Work request: Pictures appear among the records. Write out all else exactly as it stands.

++++ Provided records

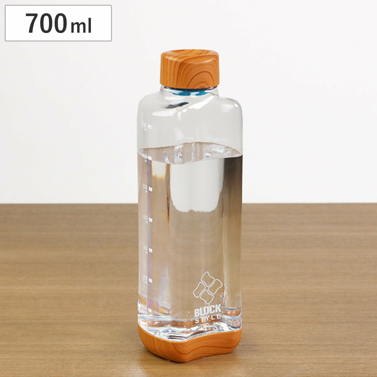水筒 直飲み プラスチック ブロックスタイル アクアボトル 700ml ウッド調 ( 目盛り付き プ・・・
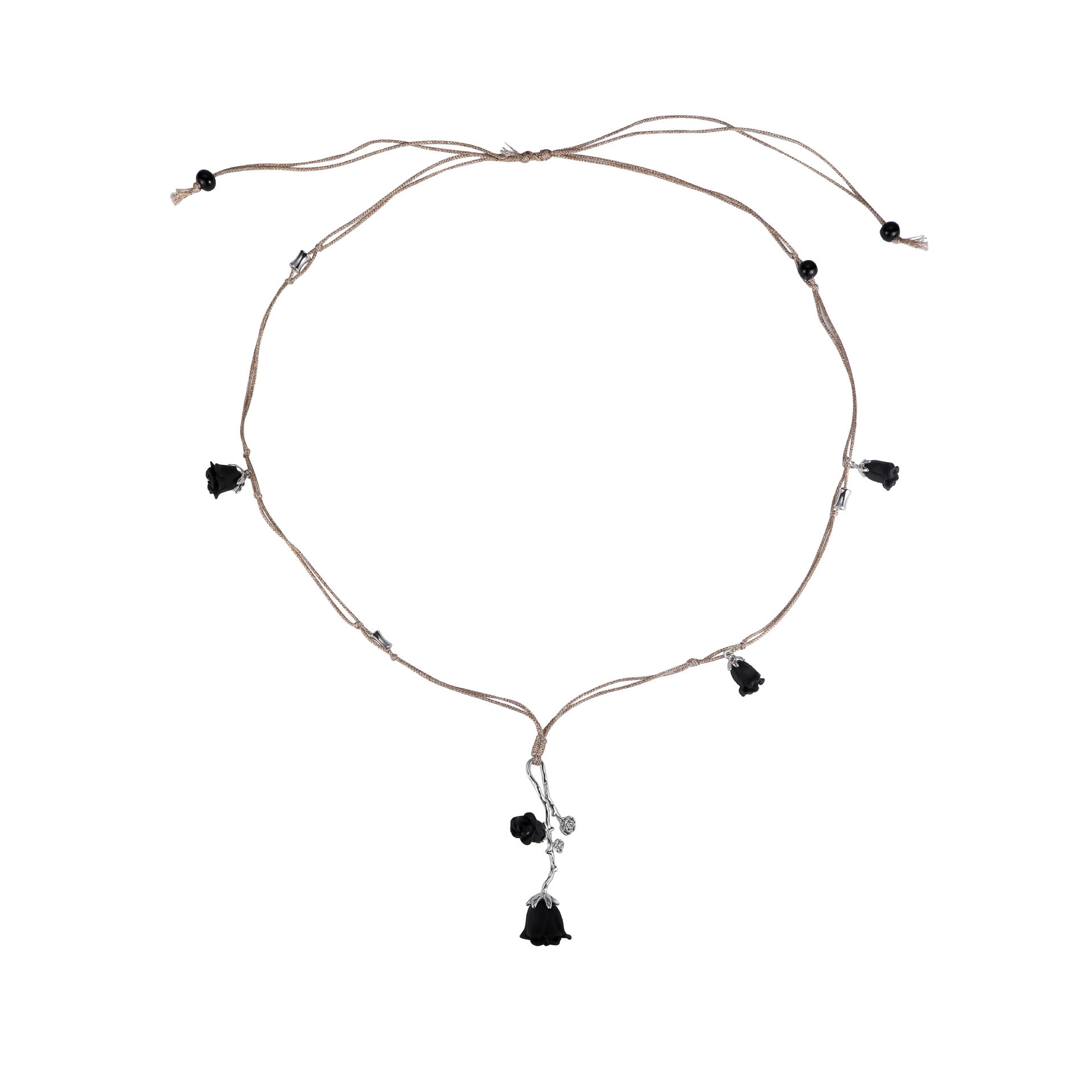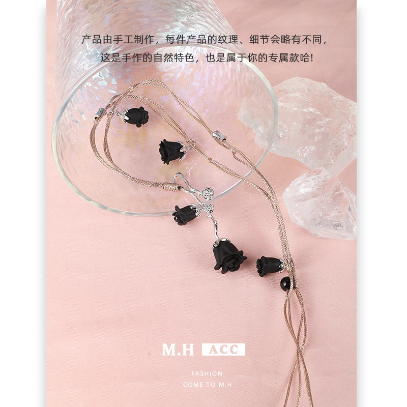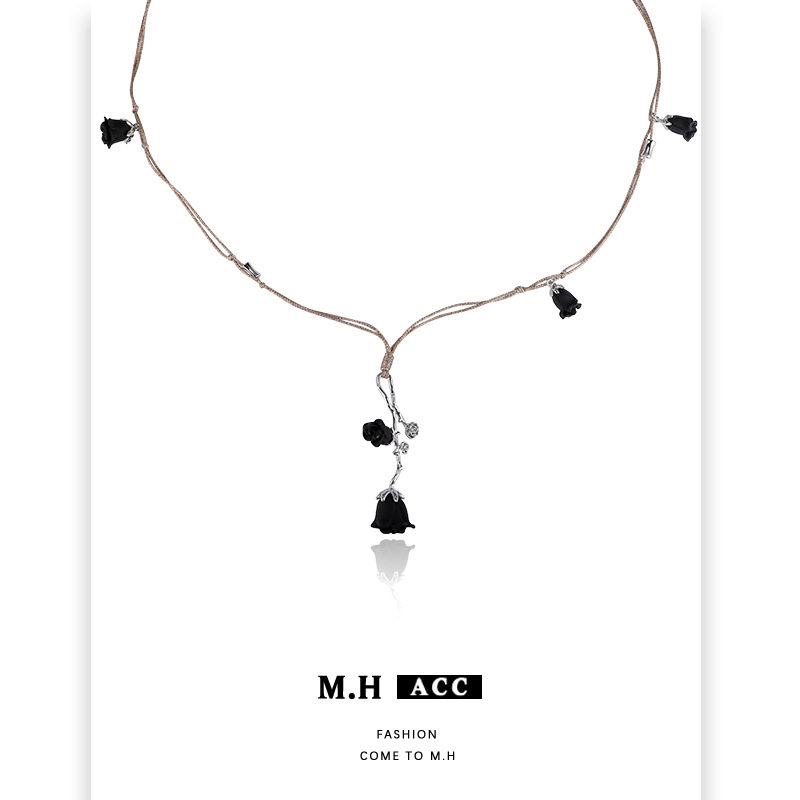 原创设计黑色花朵吊坠项链女锁骨链气质百搭轻奢小众高级配饰项链
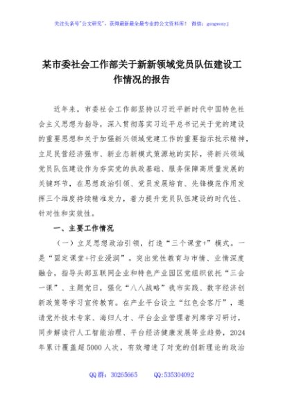 / 某市委社会工作部关于新新领域党员队伍建设工作情况的报告
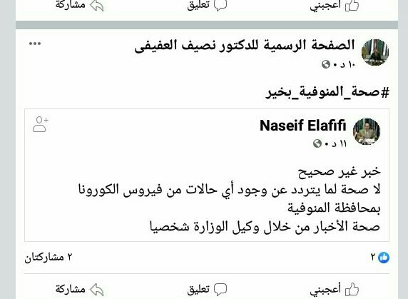 صحة المنوفية تنفى وجود اشتباه اصابة بفيروس كورونا فى اشمون
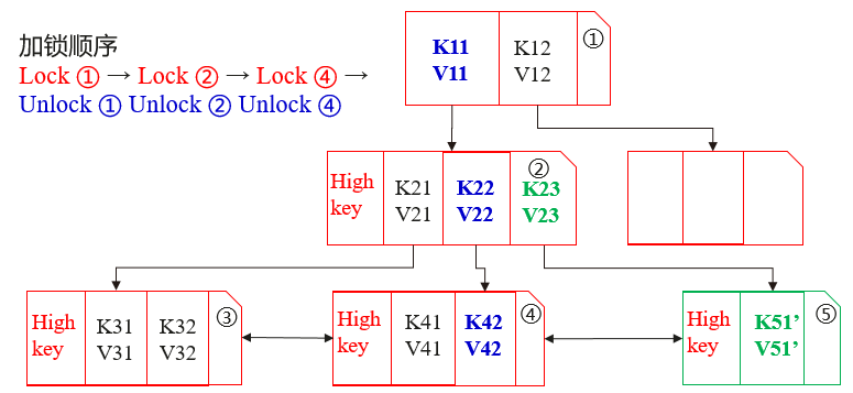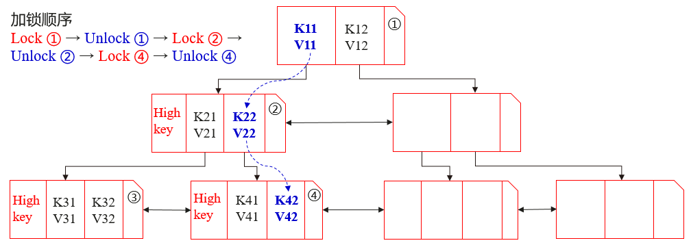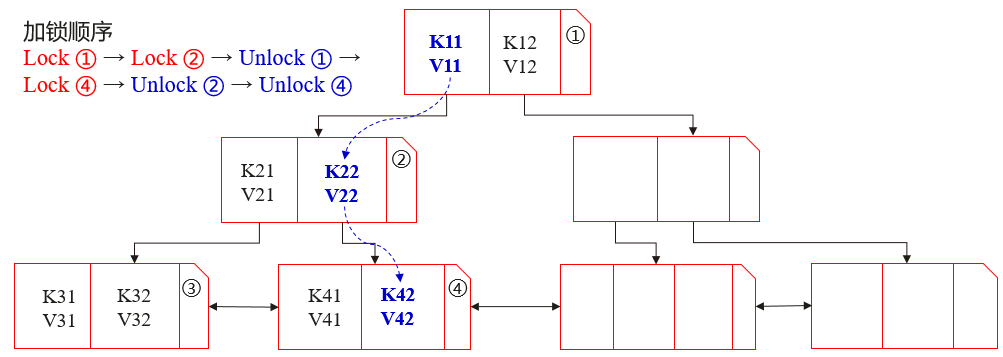 首先,查询事务会锁住根节点①,然后,利用二分查找找到<K11, V11>。接着,事务会先释放节点①的锁,再锁住节点②,再利用二分查找找到<K22, V22>。紧接着,事务会先释放节点②的锁,再锁住节点④,最后通过二分查找找到目标值<K42, V42>后,再释放节点④的锁。
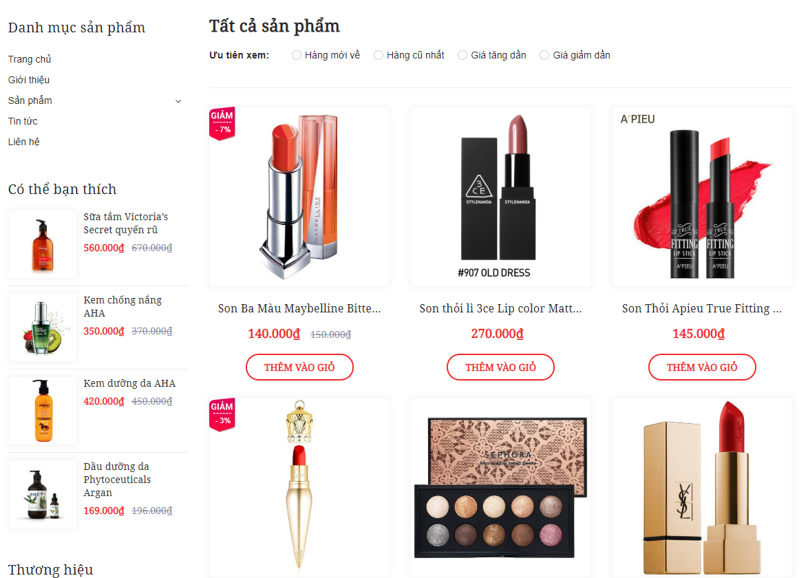 Bên cạnh đó, danh mục sản phẩm được thiết kế hài hoà và nổi bật để khách hàng có thể dễ dàng tìm kiếm những sản phẩm mà mình muốn.
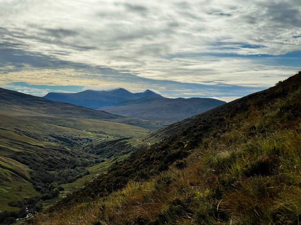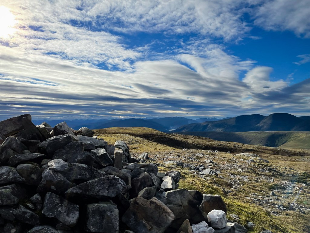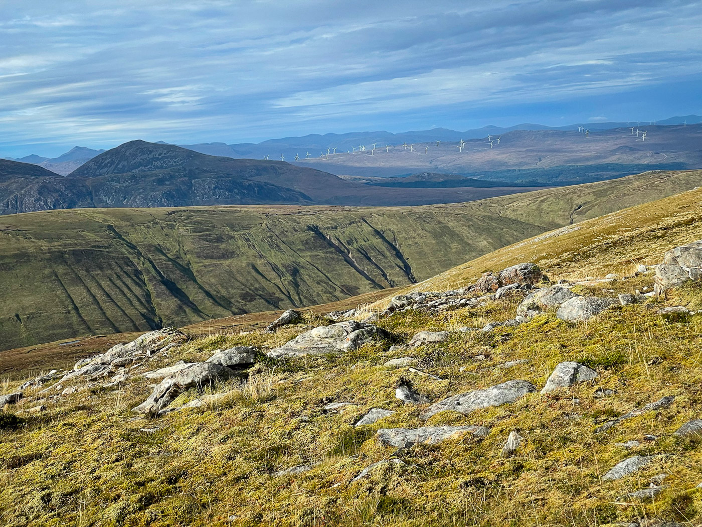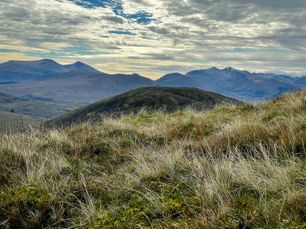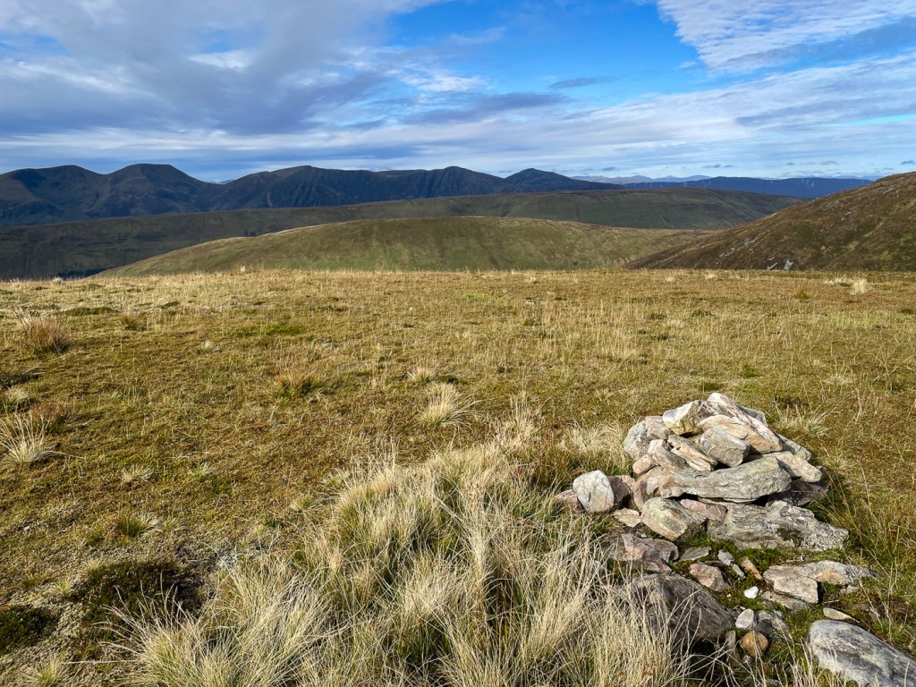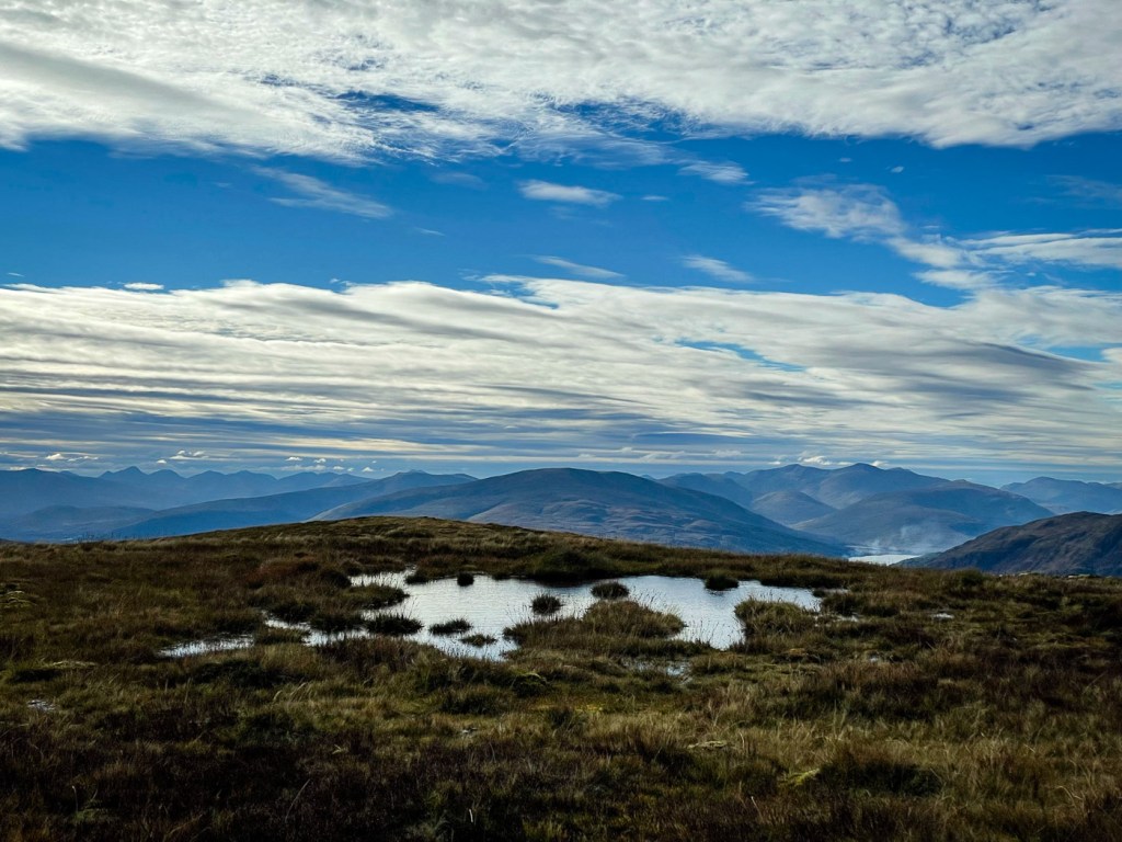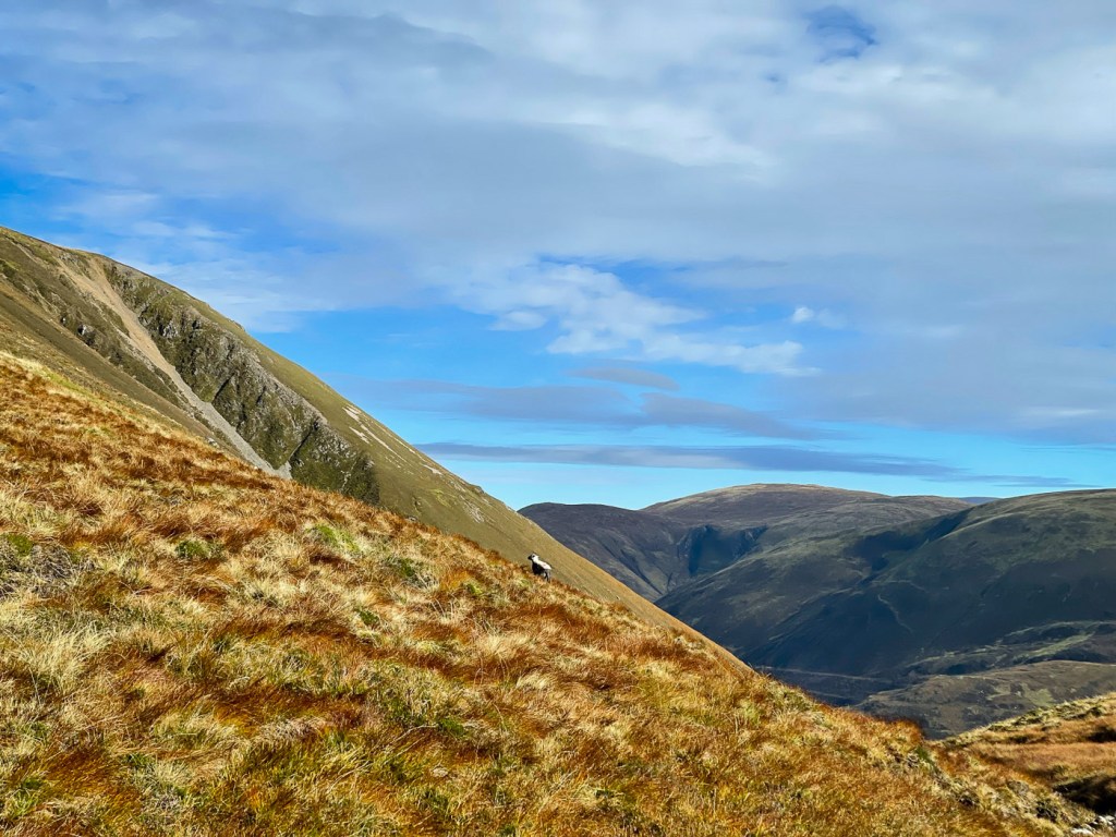 Lovely views from the top of Leana Mhor and this time we dropped down top the Col to find a sheep stuck in the bog. After much effort we managed to get it out!! We then carried on over to Beinn Laruinn.
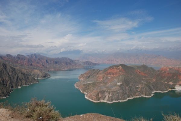 车子一路上坡,穿过隧道后就到达了坡顶,停车远眺,可望到整个李家峡水库拥护着如翡翠一般的黄河水,不能不说它是如此湛蓝、如此平静,如同圣湖一样给我一种视觉上的震撼,远处是阴云吹散后逐渐清晰的雪峰群峦。这里便是“龟山平湖”的景点。

++++++++

Completed exercise:
水筒 直飲み プラスチック ブロックスタイル アクアボトル 700ml ウッド調 ( 目盛り付き プ・・・
 原创设计黑色花朵吊坠项链女锁骨链气质百搭轻奢小众高级配饰项链
 / 某市委社会工作部关于新新领域党员队伍建设工作情况的报告
 صحة المنوفية تنفى وجود اشتباه اصابة بفيروس كورونا فى اشمون
 首先,查询事务会锁住根节点①,然后,利用二分查找找到<K11, V11>。接着,事务会先释放节点①的锁,再锁住节点②,再利用二分查找找到<K22, V22>。紧接着,事务会先释放节点②的锁,再锁住节点④,最后通过二分查找找到目标值<K42, V42>后,再释放节点④的锁。
 Bên cạnh đó, danh mục sản phẩm được thiết kế hài hoà và nổi bật để khách hàng có thể dễ dàng tìm kiếm những sản phẩm mà mình muốn.
 Lovely views from the top of Leana Mhor and this time we dropped down top the Col to find a sheep stuck in the bog. After much effort we managed to get it out!! We then carried on over to Beinn Laruinn.
 车子一路上坡,穿过隧道后就到达了坡顶,停车远眺,可望到整个李家峡水库拥护着如翡翠一般的黄河水,不能不说它是如此湛蓝、如此平静,如同圣湖一样给我一种视觉上的震撼,远处是阴云吹散后逐渐清晰的雪峰群峦。这里便是“龟山平湖”的景点。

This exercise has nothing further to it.